Mercer County Board of Elections Director Denise Fullenkamp said she remains uncertain how the new law will affect Election Day locally. It will be up to board members to decide whether additional staffing will be necessary after they learn their new responsibilities from Blackwell's office, Fullenkamp said. With each voter required to show ID, it could lead to longer lines at the polls and the need for more precinct workers.
Mercer County now uses about 170 precinct workers for each election.
The law now requires every voter to show a "proper photo identification" before voting. That is defined as an ID card issued by Ohio or the U.S. government that is not expired and shows the person's name and address, which must match information on file with the local elections office. People who refuse to show ID can cast a provisional ballot by giving the last four digits of their Social Security number. Voters who refuse that method, or who have no ID or Social Security number, still can cast a provisional ballot but the eligibility of their registration and ballot are scrutinized more closely.
The same photo ID standards will apply to people who register to vote, which represents a tougher standard than existing policies. Currently, the Mercer County board of elections will accept a driver's license or state ID card as valid identification, as well as a utilities bill or government check that contain the necessary information, Fullenkamp said.

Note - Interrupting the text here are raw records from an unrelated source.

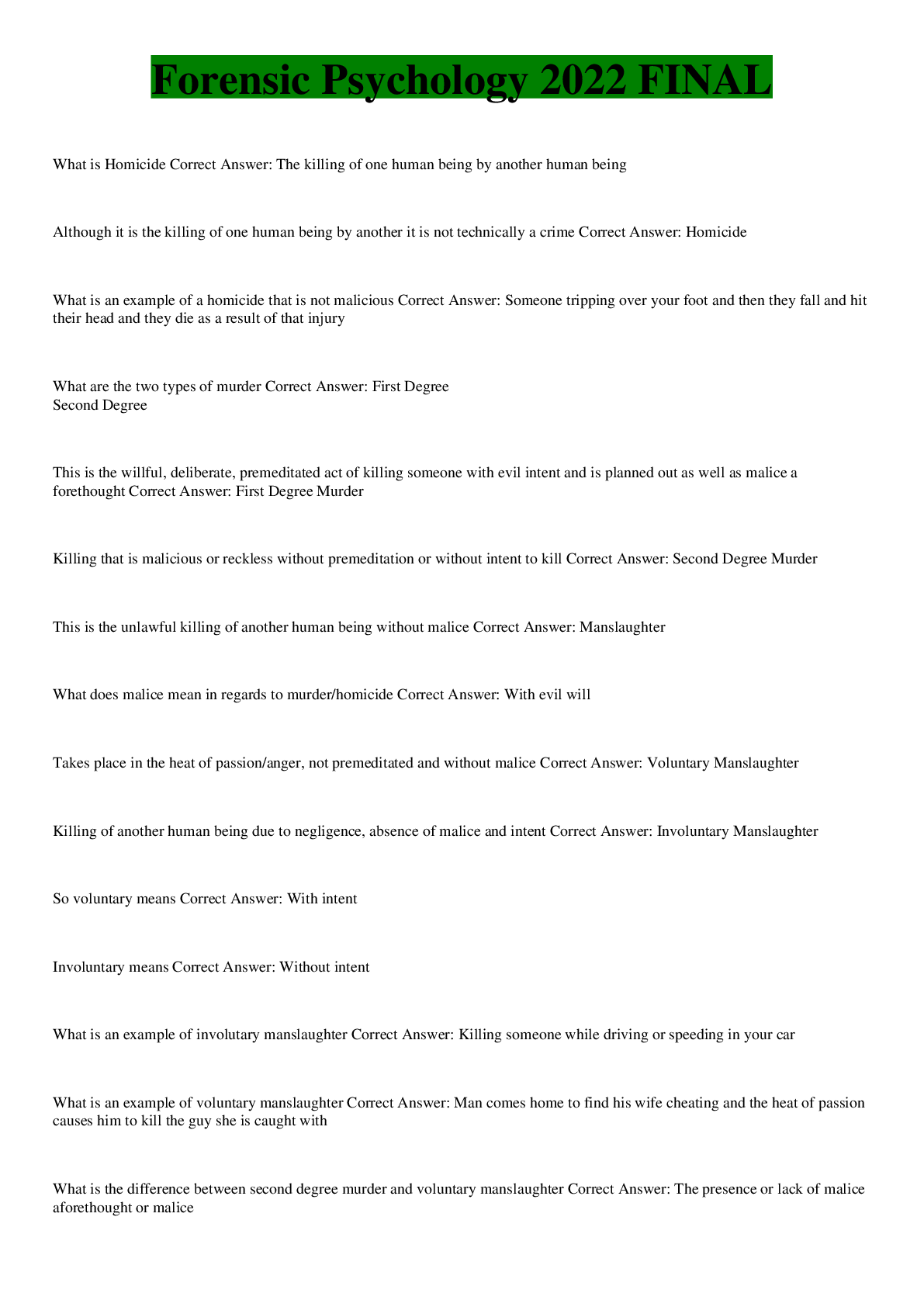 Forensic and Criminal Investigation > EXAM > Forensic Psychology 2022 FINAL EXAM (Graded A+ actual test) (All)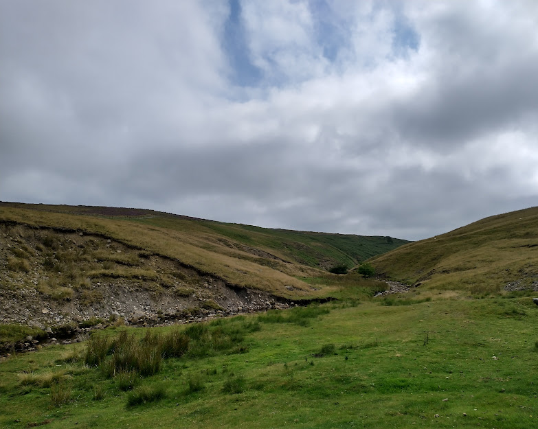 Most of our hike wasn’t in such favoured countryside. We slogged up to the bleaker moorland where once lead was mined, and no farmer could make any kind of living, unless he kept sheep. Here there are no villages, no houses or farms, and few roads.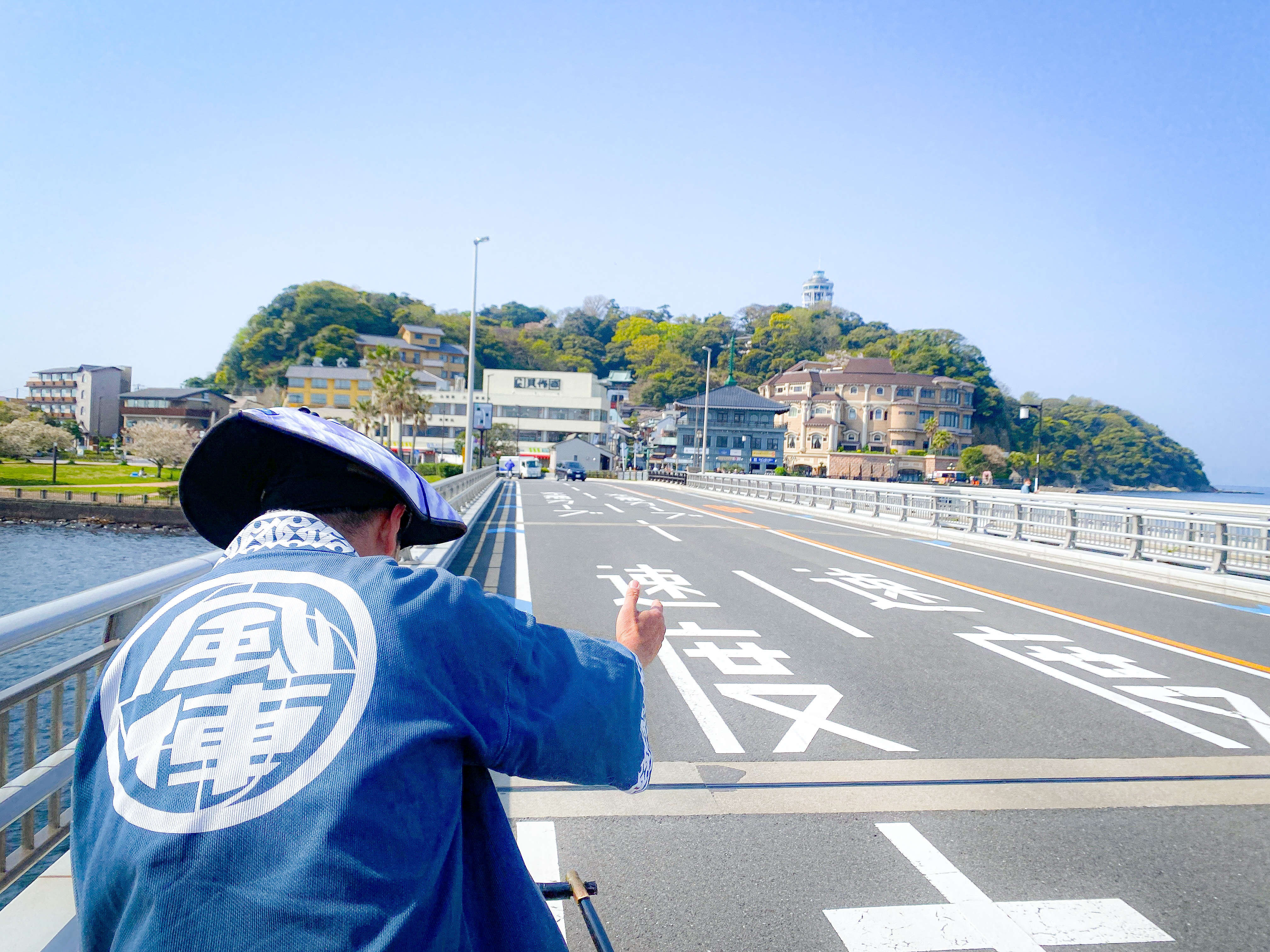 今回は、20分コースを体験。人気の新江ノ島水族館の方から、富士山を見ながら江ノ島の橋を渡り、江ノ島へ向かいました。道中、江ノ島周辺の穴場やプチ情報をたくさん教えていただきました。

Ohio becomes the 23rd state to force voters to identify themselves before casting their votes. However, the laws in three of those states are facing court challenges.
According to the electiononline.org, a non-partisan election reform group, every Democrat in the Ohio Legislature voted against the bill as it made its way through the House and Senate. Democratic opponents of the law argue the ID requirements would make voting harder for the poor, elderly and minorities.